::: DATA SHOWN
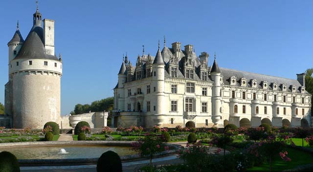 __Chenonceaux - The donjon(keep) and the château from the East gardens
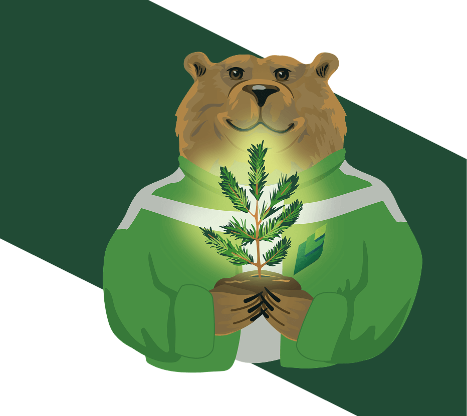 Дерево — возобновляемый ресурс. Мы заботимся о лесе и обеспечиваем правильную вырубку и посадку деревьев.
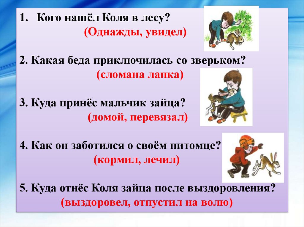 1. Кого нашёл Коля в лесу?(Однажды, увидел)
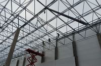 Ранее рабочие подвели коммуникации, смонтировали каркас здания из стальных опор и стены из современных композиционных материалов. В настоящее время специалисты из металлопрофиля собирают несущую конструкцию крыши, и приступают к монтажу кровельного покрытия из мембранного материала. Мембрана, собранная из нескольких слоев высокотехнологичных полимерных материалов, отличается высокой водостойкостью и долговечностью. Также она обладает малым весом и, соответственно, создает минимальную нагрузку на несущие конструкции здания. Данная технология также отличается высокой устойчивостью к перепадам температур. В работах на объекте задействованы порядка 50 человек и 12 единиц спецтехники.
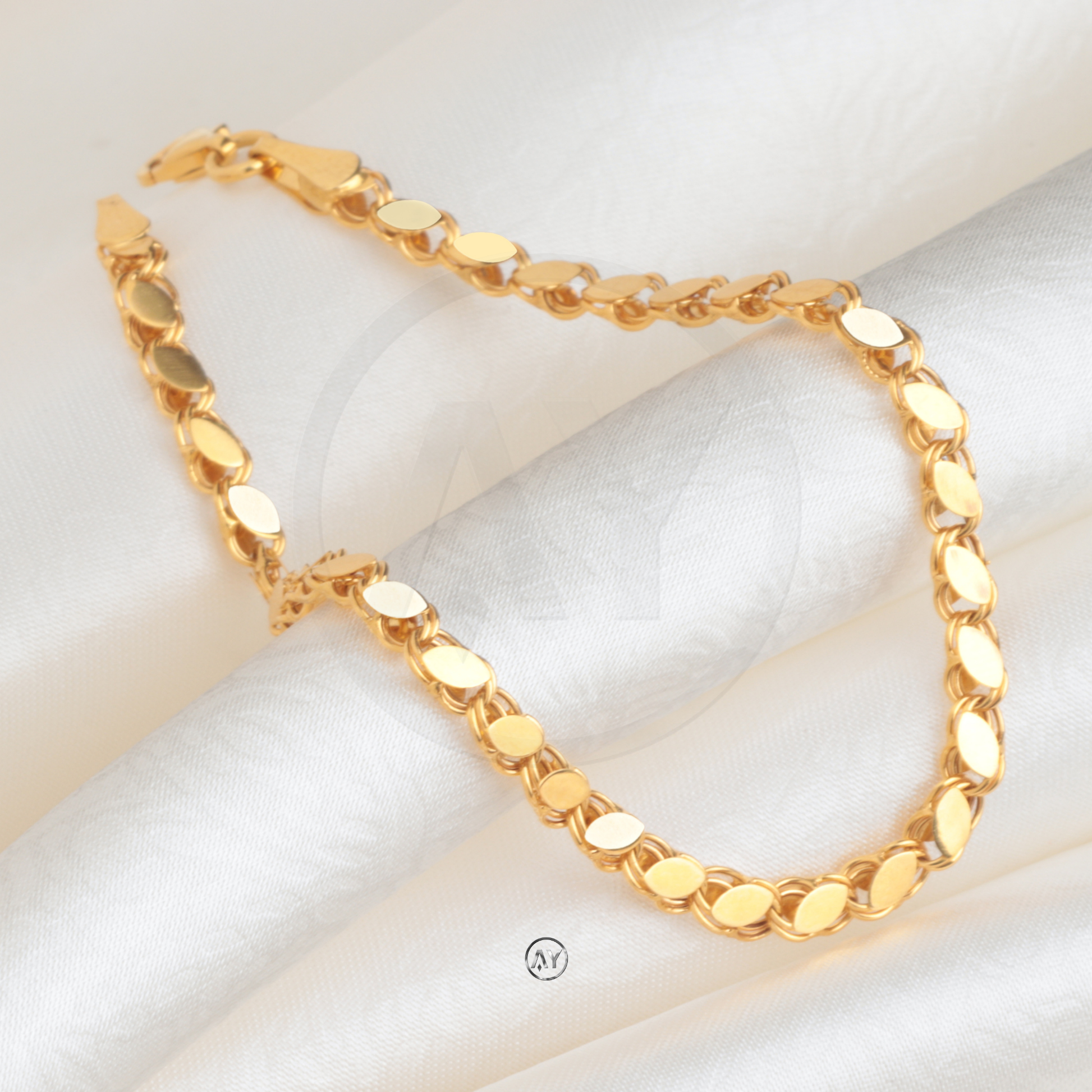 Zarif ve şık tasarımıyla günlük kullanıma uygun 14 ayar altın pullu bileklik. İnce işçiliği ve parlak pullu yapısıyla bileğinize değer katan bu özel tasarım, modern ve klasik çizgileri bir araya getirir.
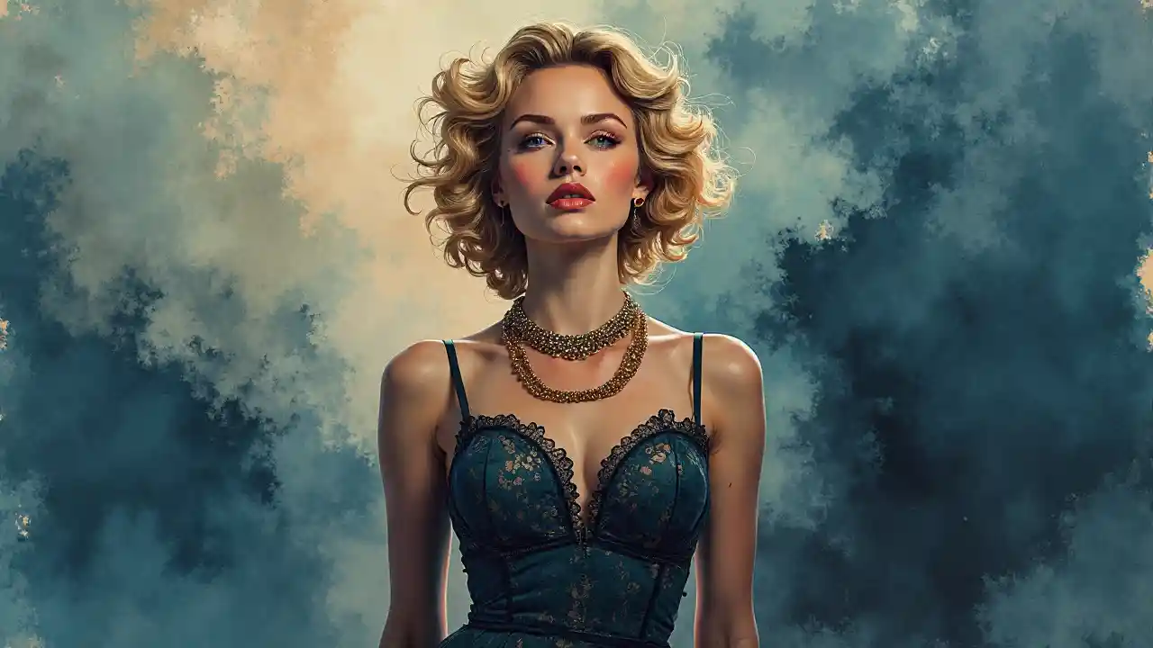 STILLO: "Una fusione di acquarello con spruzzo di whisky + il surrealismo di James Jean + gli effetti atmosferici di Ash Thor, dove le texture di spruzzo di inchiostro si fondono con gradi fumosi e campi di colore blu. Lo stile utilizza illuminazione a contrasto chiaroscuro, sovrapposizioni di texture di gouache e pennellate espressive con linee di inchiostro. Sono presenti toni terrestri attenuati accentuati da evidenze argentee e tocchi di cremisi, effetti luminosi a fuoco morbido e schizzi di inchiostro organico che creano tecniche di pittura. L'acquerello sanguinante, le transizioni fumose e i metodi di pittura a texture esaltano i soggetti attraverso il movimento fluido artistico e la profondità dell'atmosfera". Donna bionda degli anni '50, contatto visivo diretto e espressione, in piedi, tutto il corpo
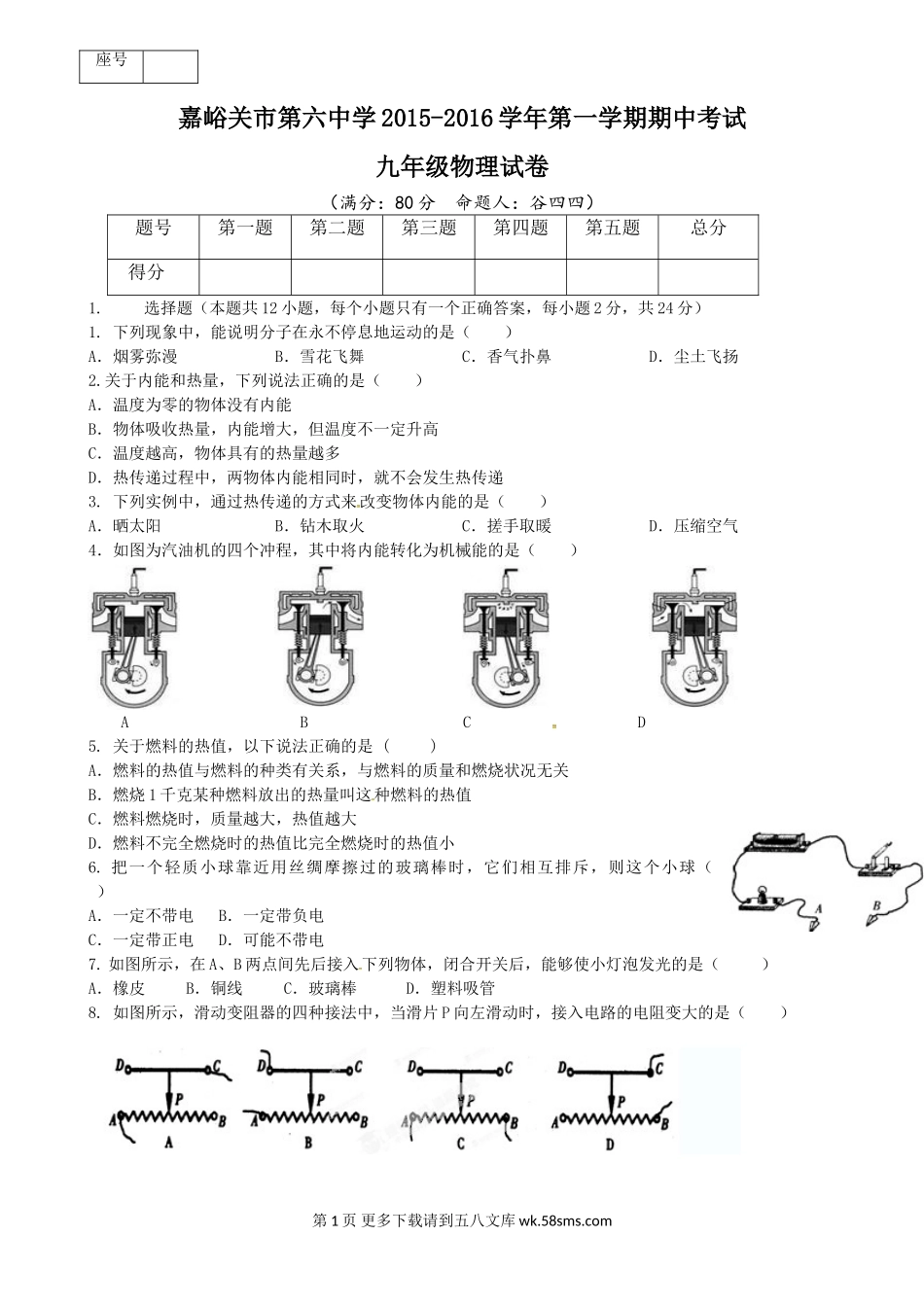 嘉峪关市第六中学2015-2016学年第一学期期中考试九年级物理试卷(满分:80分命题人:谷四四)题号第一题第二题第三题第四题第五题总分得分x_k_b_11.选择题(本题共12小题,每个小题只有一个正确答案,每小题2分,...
::::::
Make an exact copy of the records from their first line through the line containing "1. Кого нашёл Коля в лесу?(Однажды, увидел)", both ends included, with the pictures omitted.

 __Chenonceaux - The donjon(keep) and the château from the East gardens
 Дерево — возобновляемый ресурс. Мы заботимся о лесе и обеспечиваем правильную вырубку и посадку деревьев.
 1. Кого нашёл Коля в лесу?(Однажды, увидел)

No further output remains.